Maimonides (Yesodei HaTorah, ch. 2) explains that one way to achieve love of God is by contemplating the wonders of Creation. By appreciating the awesome power and intricate beauty of God's handiwork, the more knowledge of God one experiences, and the closer to Him one feels.
Personally, I've always been fascinated by the Bombardier Beetle. This small bug comes equipped with a chamber of hydroquinone, and a second one of hydrogen peroxide. When combined, these two chemicals are highly explosive. A mechanism inside the beetle keeps them separate.
Now here's the cool part: When provoked by an enemy, the beetle heats the chemicals to the boiling point (100 °C) and squeezes them into a reaction chamber where they combust, like igniting a rocket engine.
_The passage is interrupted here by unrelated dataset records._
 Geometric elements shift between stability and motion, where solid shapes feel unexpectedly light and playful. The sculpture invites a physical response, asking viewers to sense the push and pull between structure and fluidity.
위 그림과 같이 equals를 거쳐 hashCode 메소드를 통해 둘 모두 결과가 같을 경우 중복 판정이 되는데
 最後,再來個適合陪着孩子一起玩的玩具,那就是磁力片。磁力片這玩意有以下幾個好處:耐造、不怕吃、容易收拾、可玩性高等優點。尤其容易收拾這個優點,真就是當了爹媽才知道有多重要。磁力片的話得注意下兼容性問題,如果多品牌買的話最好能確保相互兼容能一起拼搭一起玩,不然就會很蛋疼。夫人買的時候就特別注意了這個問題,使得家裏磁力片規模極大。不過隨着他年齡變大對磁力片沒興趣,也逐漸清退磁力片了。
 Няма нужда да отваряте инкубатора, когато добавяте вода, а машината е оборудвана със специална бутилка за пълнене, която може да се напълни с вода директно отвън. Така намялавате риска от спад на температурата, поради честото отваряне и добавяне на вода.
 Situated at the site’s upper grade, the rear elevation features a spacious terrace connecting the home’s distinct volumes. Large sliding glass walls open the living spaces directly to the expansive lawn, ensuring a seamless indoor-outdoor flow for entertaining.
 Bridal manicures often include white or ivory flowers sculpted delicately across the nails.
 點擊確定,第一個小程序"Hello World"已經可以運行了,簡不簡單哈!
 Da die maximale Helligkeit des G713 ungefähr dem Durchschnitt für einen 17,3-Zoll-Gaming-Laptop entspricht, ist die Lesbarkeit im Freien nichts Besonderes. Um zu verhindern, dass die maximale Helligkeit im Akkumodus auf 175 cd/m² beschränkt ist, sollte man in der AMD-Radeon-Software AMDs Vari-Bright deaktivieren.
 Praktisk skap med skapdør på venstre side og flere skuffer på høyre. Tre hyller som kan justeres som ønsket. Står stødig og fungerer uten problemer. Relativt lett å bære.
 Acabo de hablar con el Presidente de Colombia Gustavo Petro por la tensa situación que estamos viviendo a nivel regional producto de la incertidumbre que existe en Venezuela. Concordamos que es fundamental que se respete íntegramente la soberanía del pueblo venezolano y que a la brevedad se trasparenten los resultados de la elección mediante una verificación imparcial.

Then the explosive material streams out of the beetle at a rate of 500 pulses per second. (Pulses, rather than a continuous stream, give the beetle a chance to cool.) The poisonous fuel is expelled through a nozzle which, much like the turret of a tank, can rotate in any direction, under the legs or over the back. The enemy is poisoned, the beetle is saved!
The other day I heard about another amazing creature ― the "Pistol Shrimp" ― which emits an underwater shock wave that actually knocks out its prey. No mess, just a sonic boom.
I love God for that one. Simply amazing.